** Dataset extract **
=-=-=-=-=

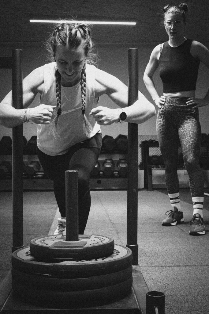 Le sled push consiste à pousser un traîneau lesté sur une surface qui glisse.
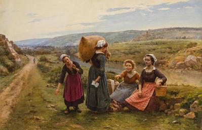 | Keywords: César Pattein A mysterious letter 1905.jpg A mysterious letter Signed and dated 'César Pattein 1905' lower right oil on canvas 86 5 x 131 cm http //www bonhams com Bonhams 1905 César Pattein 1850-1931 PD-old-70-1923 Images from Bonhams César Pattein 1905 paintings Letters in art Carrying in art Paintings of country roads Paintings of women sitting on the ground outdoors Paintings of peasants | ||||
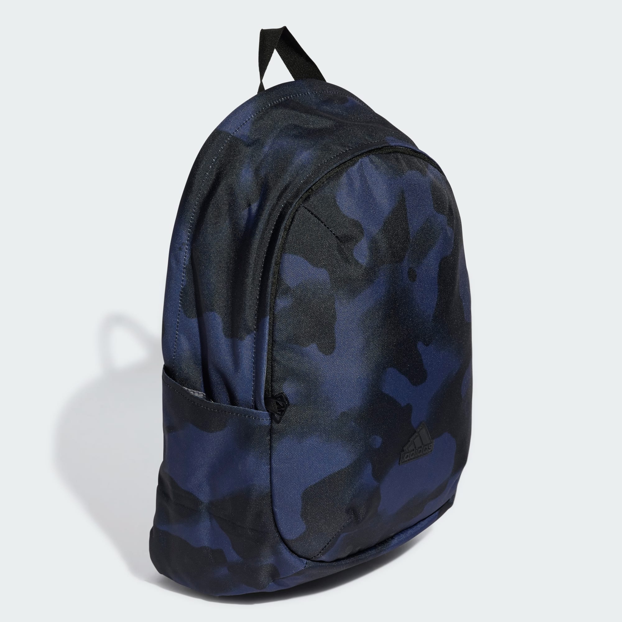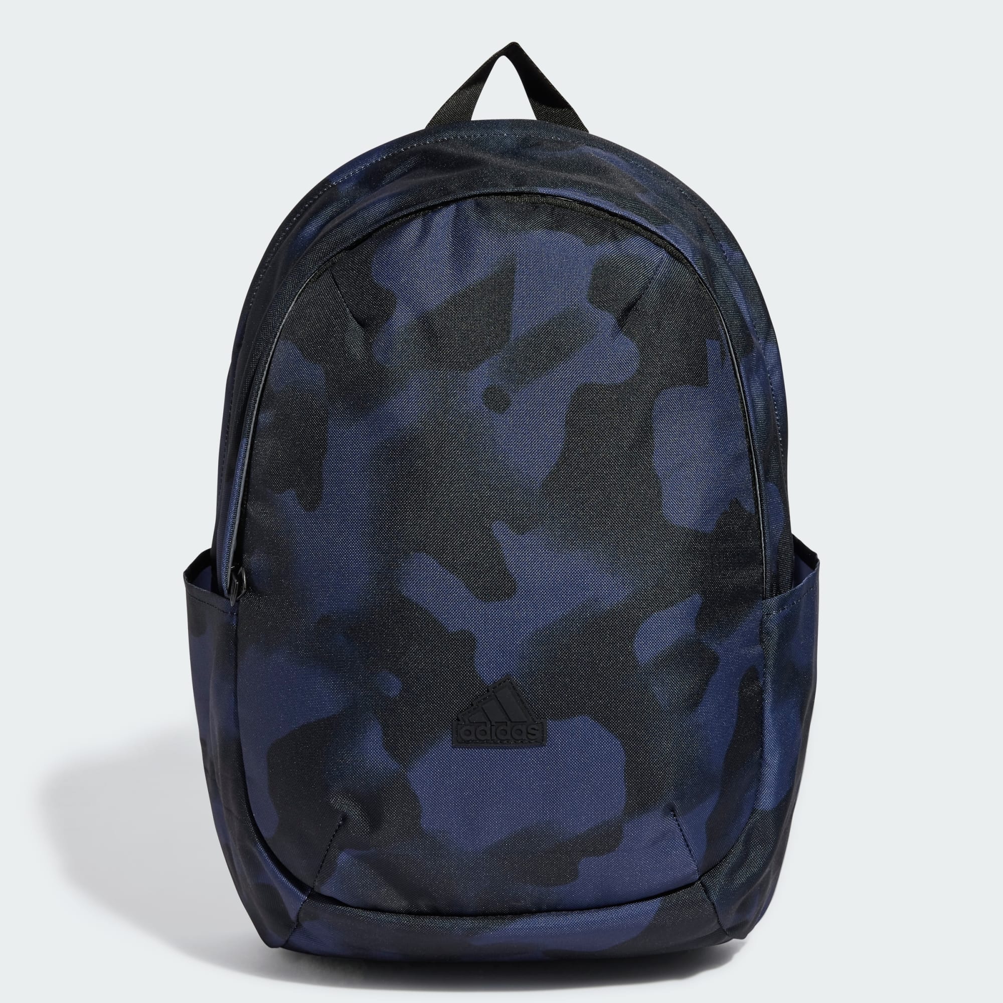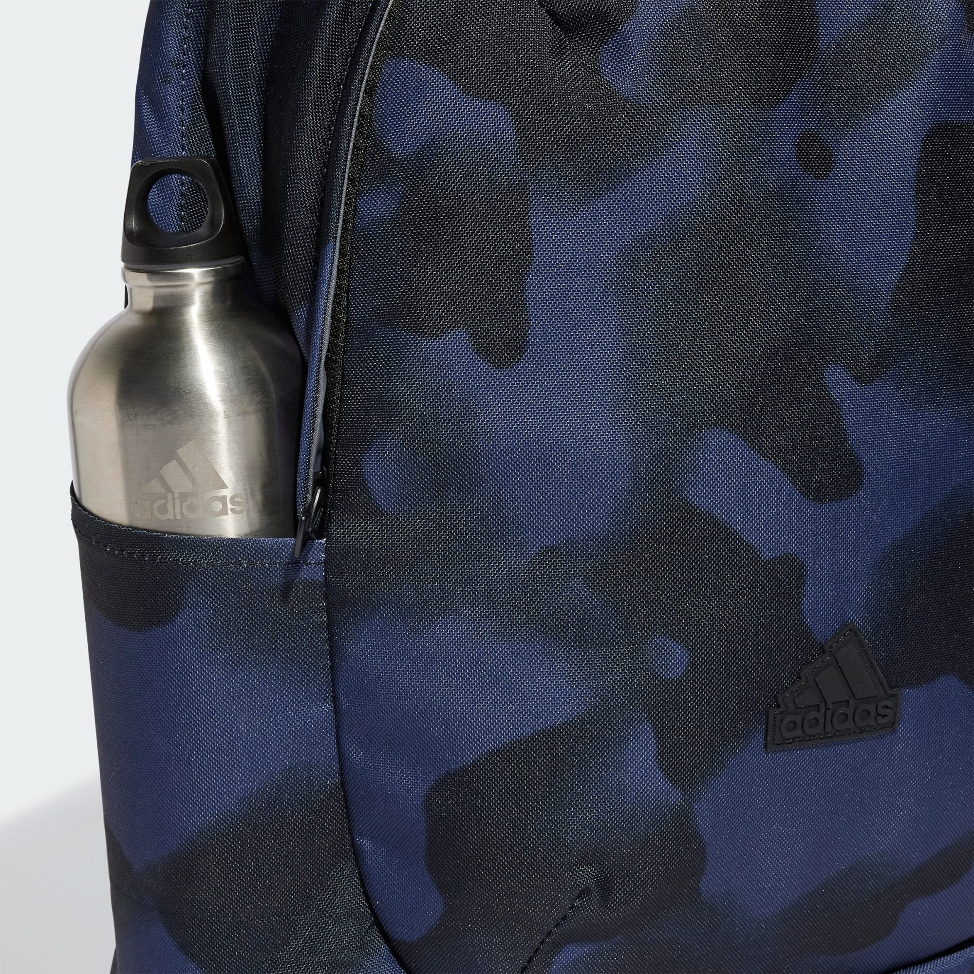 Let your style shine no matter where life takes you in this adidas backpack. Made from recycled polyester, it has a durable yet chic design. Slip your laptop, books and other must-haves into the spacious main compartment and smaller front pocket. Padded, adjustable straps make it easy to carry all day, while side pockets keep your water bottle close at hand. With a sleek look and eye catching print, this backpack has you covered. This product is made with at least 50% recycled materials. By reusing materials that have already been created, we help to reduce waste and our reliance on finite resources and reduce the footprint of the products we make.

=-=-=-=-=

Output the data above exactly, excluding images.

** Output **
 Le sled push consiste à pousser un traîneau lesté sur une surface qui glisse.
 | Keywords: César Pattein A mysterious letter 1905.jpg A mysterious letter Signed and dated 'César Pattein 1905' lower right oil on canvas 86 5 x 131 cm http //www bonhams com Bonhams 1905 César Pattein 1850-1931 PD-old-70-1923 Images from Bonhams César Pattein 1905 paintings Letters in art Carrying in art Paintings of country roads Paintings of women sitting on the ground outdoors Paintings of peasants | ||||
 Let your style shine no matter where life takes you in this adidas backpack. Made from recycled polyester, it has a durable yet chic design. Slip your laptop, books and other must-haves into the spacious main compartment and smaller front pocket. Padded, adjustable straps make it easy to carry all day, while side pockets keep your water bottle close at hand. With a sleek look and eye catching print, this backpack has you covered. This product is made with at least 50% recycled materials. By reusing materials that have already been created, we help to reduce waste and our reliance on finite resources and reduce the footprint of the products we make.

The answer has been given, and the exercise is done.